On the basis of the Order of the People's Commissar for Military Affairs No. 743, on 29 August 1918, the formation of the 1st Ryazan courses of the Red Army began; located in Ryazan, the basis of the current academy. The formation of the courses ended on 13 November 1918, with the courses being named "1st Ryazan Soviet Infantry Courses for the Command Personnel of the Red Army".

=== Civil War ===
In July 1918, mobilization into the ranks of the Red Army began. Almost weekly, a mobilized reserve was sent from Ryazan to the fronts of the civil war. Many residents of Ryazan fought on the fronts on the side of the White Army. The 1st Ryazan Soviet Infantry Courses took part in combat operations by separate units in the suppression of counter-revolutionary uprisings within the Ryazan province (October - November 1918).
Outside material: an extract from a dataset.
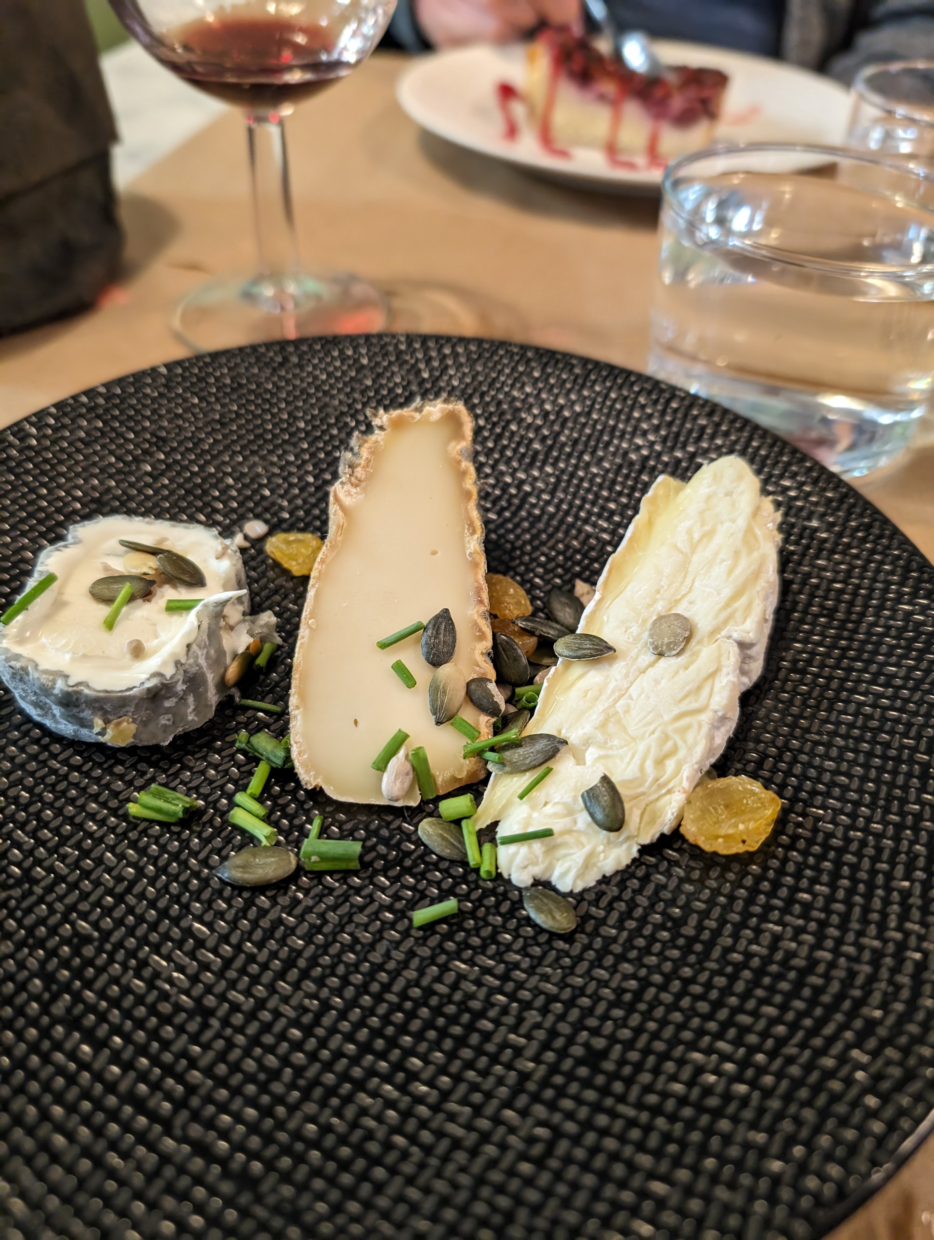 Déjeuner sympathique (16 euros pour plat du jour + dessert du jour ou assiette de fromages + verre de vin + café ou thé) Serveuse agréable Les portions des assiettes ne sont pas trop grandes, mais dessert compris c'était plus que bien

The courses deployed in full force on the Southern Front in the Donetsk region to suppress the uprisings of the Cossacks, becoming part of the 1st Separate Brigade of Cadets of the 8th Division of the SF and, together with the Tambov cadets, formed a "Detachment of Ryazan and Tambov Cadets." As part of the 2nd Moscow Brigade, cadets took part in hostilities on the Caucasian Front in Dagestan from August 1920 to March 1921. As part of the 3rd Moscow Brigade of Cadets - on the Southern Front against Pyotr Wrangel from October to November 1920. In the same year, the courses took part in full force in the suppression of the Antonov uprising in the Tambov province in the districts of the Kirsanovsky district.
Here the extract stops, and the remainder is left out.